#### Provided records

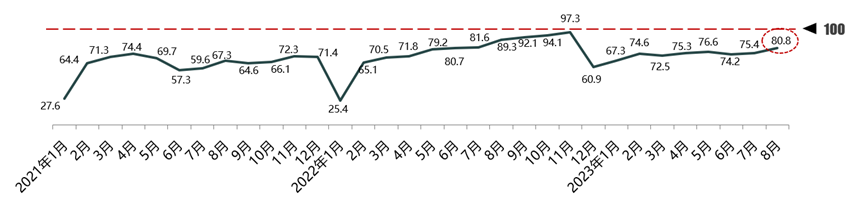2023年9月4日,中国汽车流通协会发布最新一期“汽车消费指数”:2023年8月份汽车消费指数为80.8,高于上月。
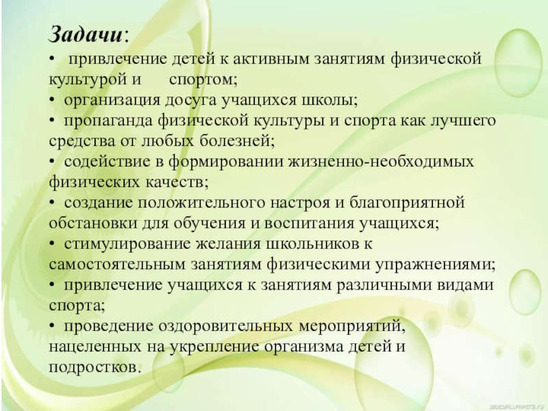 • проведение оздоровительных мероприятий, нацеленных на укрепление организма детей и подростков.
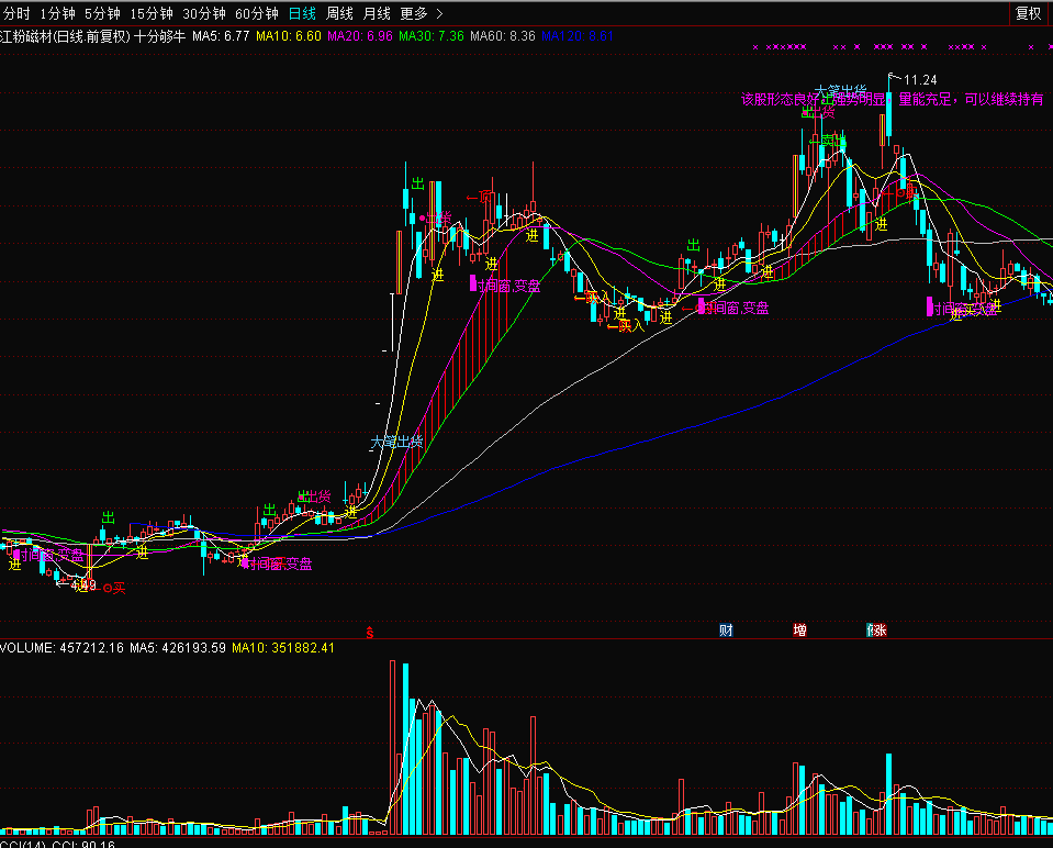 ,'上行趋势不变,强势依然,量能开始转弱,注意风险'),COLORFF00FF ;
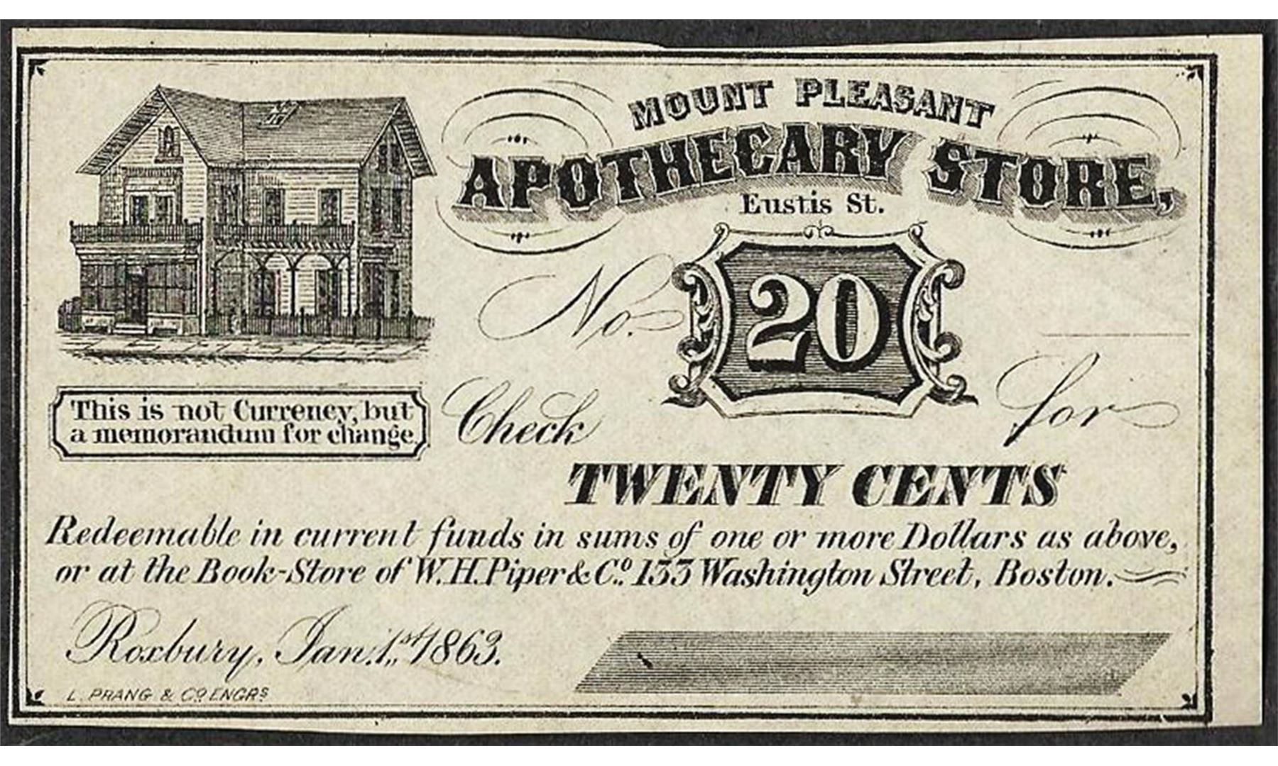 One 1863 Twenty Cents Mount Pleasant, MA Apothecary Store Obsolete Bank Note.
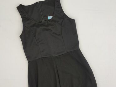 Sukienka damska, klasyczna czarna „mała czarna”. - Fason: dopasowana w talii z delikatnie rozkloszowanym dołem - Długość: przed kolano (mini/midi w zależności od wzrostu) - Rękaw: krótki - Dekolt:...
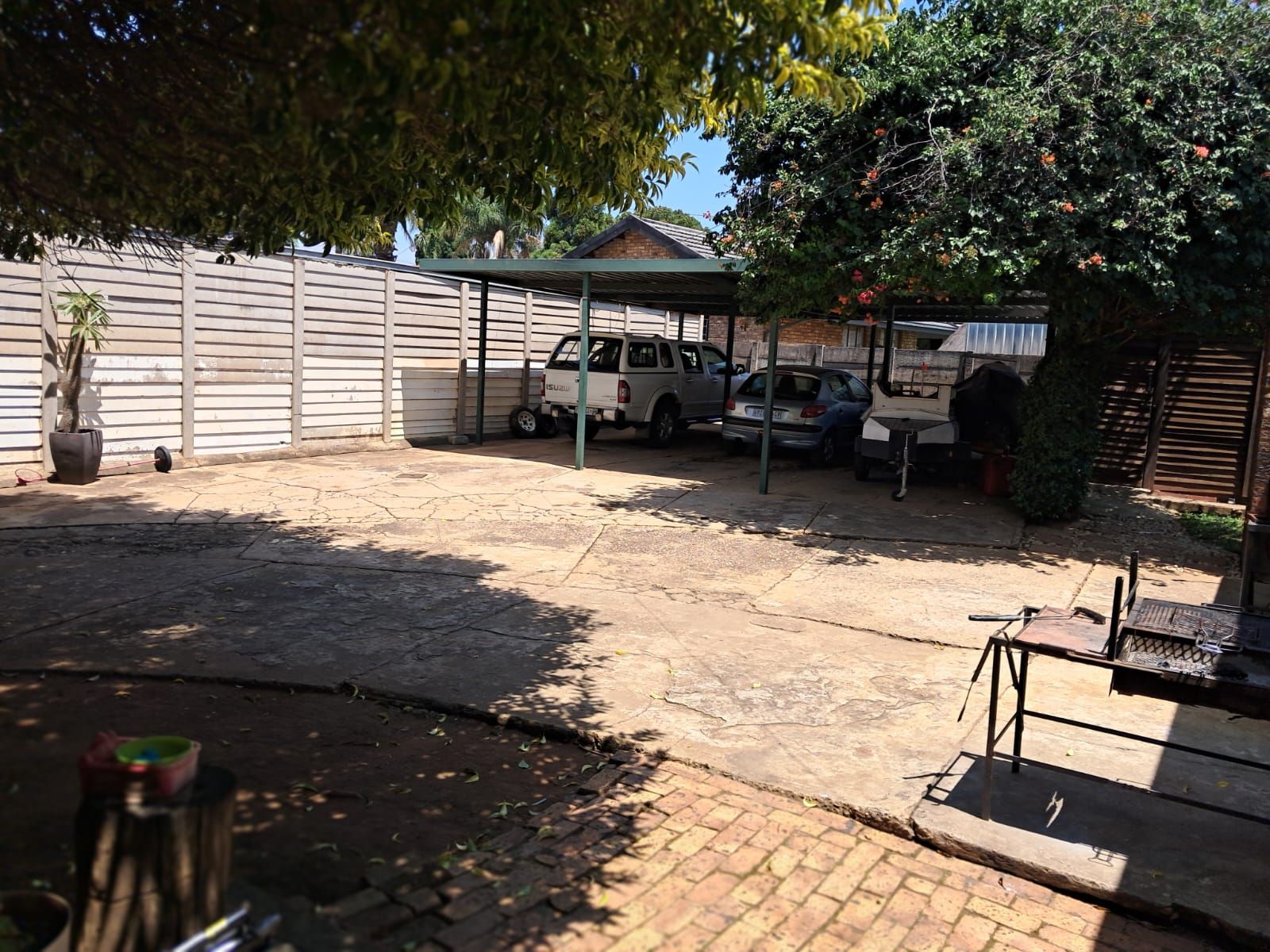 A spacious carport accommodating up to 6 medium vehicles
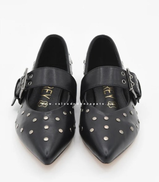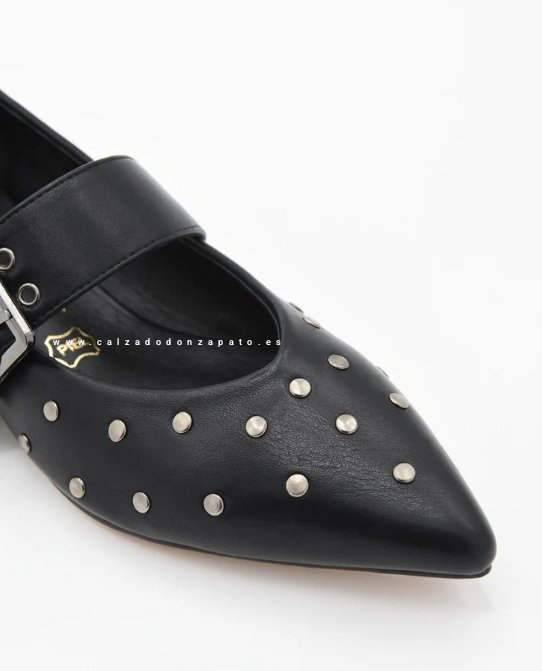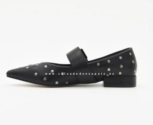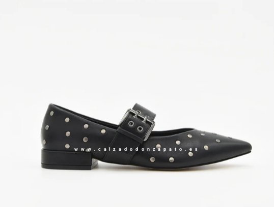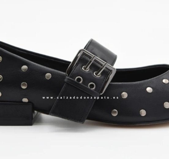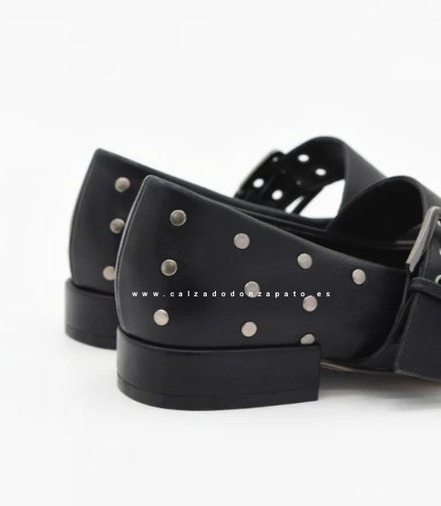 Bailarina negra tipo Mary Jane reinventa el calzado plano con una estetica contemporánea y auraz. Decorada con unas tachuelas metálicas en acabado plata, hebilla ancha con buena sujecion. Tacon bajo cuadrado.
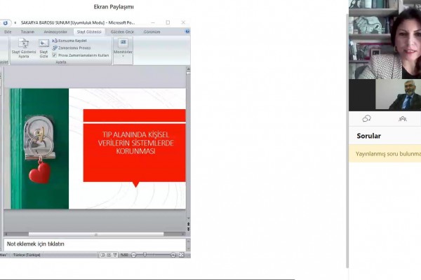 Sakarya Barosu, pandemi şartları nedeniyle eğitimleri çevrim içi düzenliyor. Son olarak baro, Tıp alanında Kişisel Verilerin Korunması, YZ Tabanlı Sağlık Sistemlerinde Kişisel Verilerin Korunması ve Avrupa Konseyi’nin Tavsiye Kararları konulu çevrim içi eğitim düzenledi. Avukatların ve stajyer avukatların katıldığı eğitimi, LL.M. Av. Sabire Sanem Yılmaz verdi.
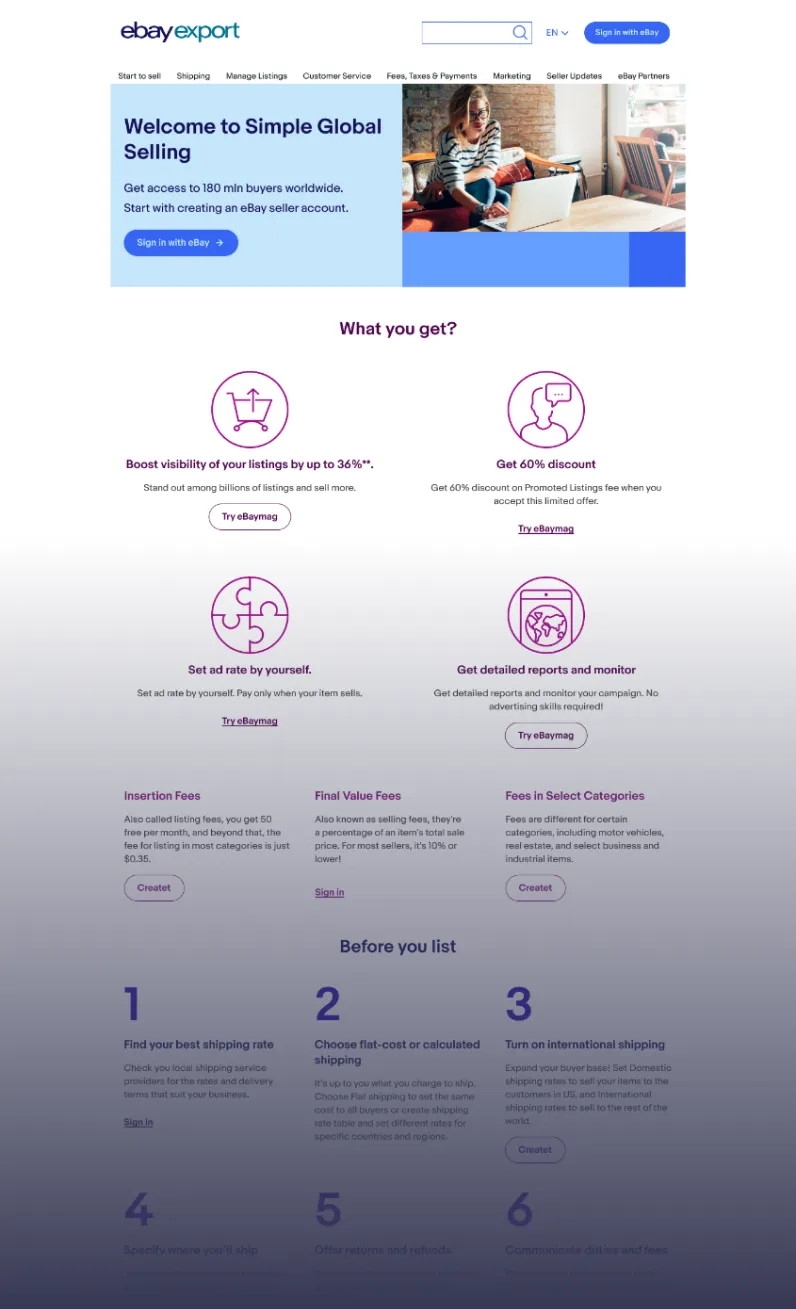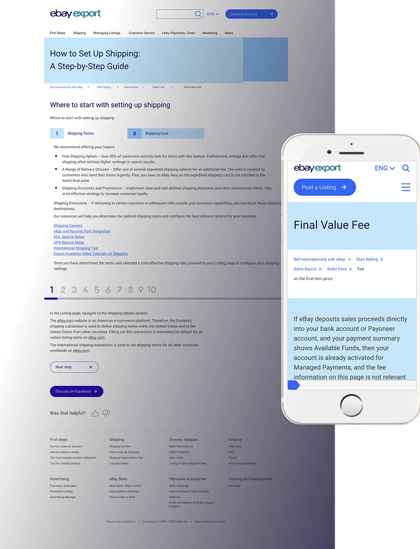 export.ebay.com our first task was to organise all available information on one portal to help sellers from our region successfully develop export sales worldwide.
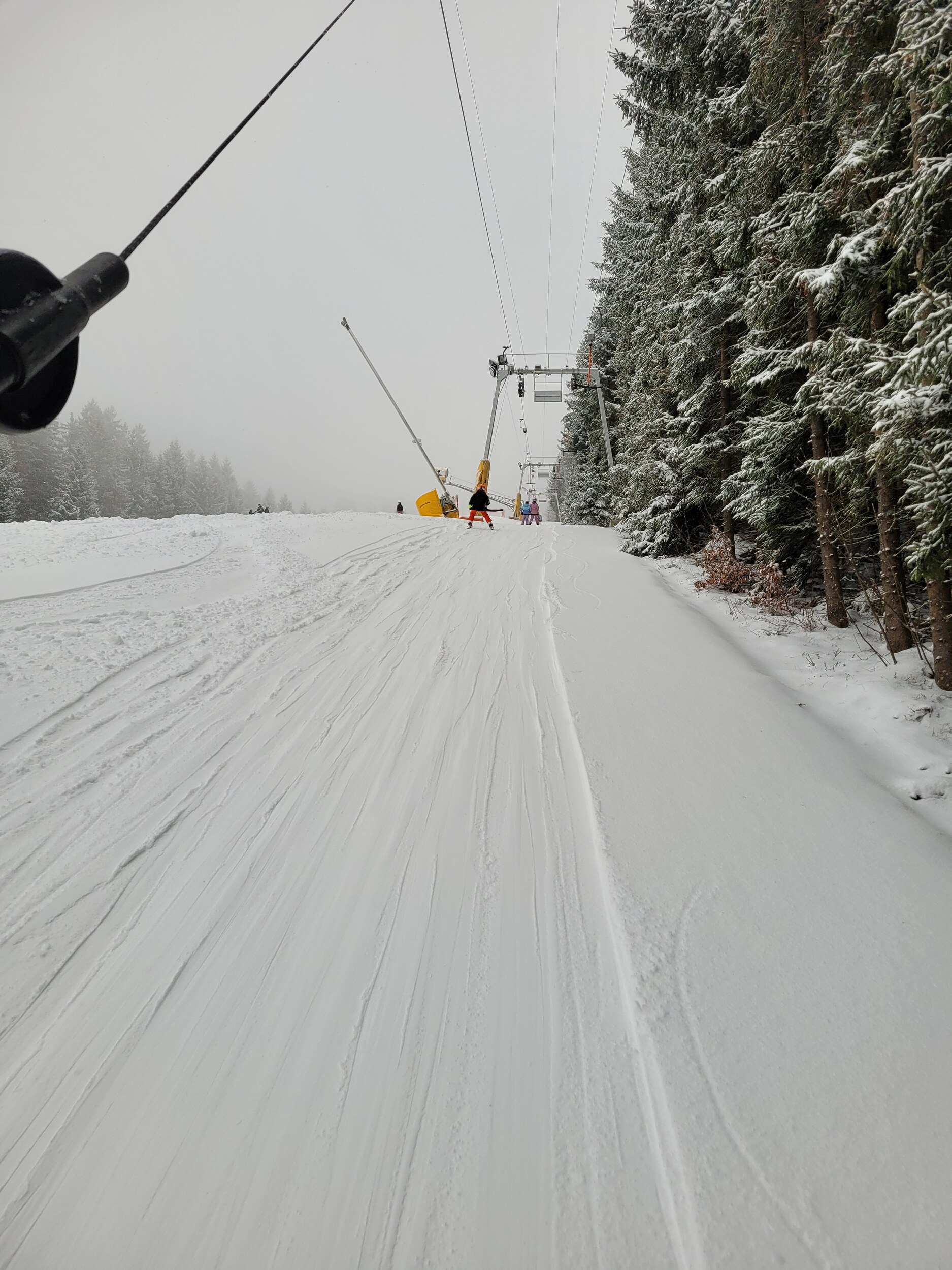 Heute Früh hat es dann nochmal ordentlich reingeregnet. Wir waren am Riedlberg. Ab ca. 11.30Uhr kein Regen, kein Schnee. Bis dahin hat es aber nahezu durchgehend „geschüttet“. Es ging den Umständen entsprechend gut. Aber viele dieser Tage sollten auch dort nicht mehr kommen. Es gab dann doch einige Stellen, wo entweder Eis oder Wasserski angesagt war.

########

Instructions for the task. The preceding entries are to be written out again exactly, with the pictures removed.

Your response.
2023年9月4日,中国汽车流通协会发布最新一期“汽车消费指数”:2023年8月份汽车消费指数为80.8,高于上月。
 • проведение оздоровительных мероприятий, нацеленных на укрепление организма детей и подростков.
 ,'上行趋势不变,强势依然,量能开始转弱,注意风险'),COLORFF00FF ;
 One 1863 Twenty Cents Mount Pleasant, MA Apothecary Store Obsolete Bank Note.
 Sukienka damska, klasyczna czarna „mała czarna”. - Fason: dopasowana w talii z delikatnie rozkloszowanym dołem - Długość: przed kolano (mini/midi w zależności od wzrostu) - Rękaw: krótki - Dekolt:...
 A spacious carport accommodating up to 6 medium vehicles
 Bailarina negra tipo Mary Jane reinventa el calzado plano con una estetica contemporánea y auraz. Decorada con unas tachuelas metálicas en acabado plata, hebilla ancha con buena sujecion. Tacon bajo cuadrado.
 Sakarya Barosu, pandemi şartları nedeniyle eğitimleri çevrim içi düzenliyor. Son olarak baro, Tıp alanında Kişisel Verilerin Korunması, YZ Tabanlı Sağlık Sistemlerinde Kişisel Verilerin Korunması ve Avrupa Konseyi’nin Tavsiye Kararları konulu çevrim içi eğitim düzenledi. Avukatların ve stajyer avukatların katıldığı eğitimi, LL.M. Av. Sabire Sanem Yılmaz verdi.
 export.ebay.com our first task was to organise all available information on one portal to help sellers from our region successfully develop export sales worldwide.
 Heute Früh hat es dann nochmal ordentlich reingeregnet. Wir waren am Riedlberg. Ab ca. 11.30Uhr kein Regen, kein Schnee. Bis dahin hat es aber nahezu durchgehend „geschüttet“. Es ging den Umständen entsprechend gut. Aber viele dieser Tage sollten auch dort nicht mehr kommen. Es gab dann doch einige Stellen, wo entweder Eis oder Wasserski angesagt war.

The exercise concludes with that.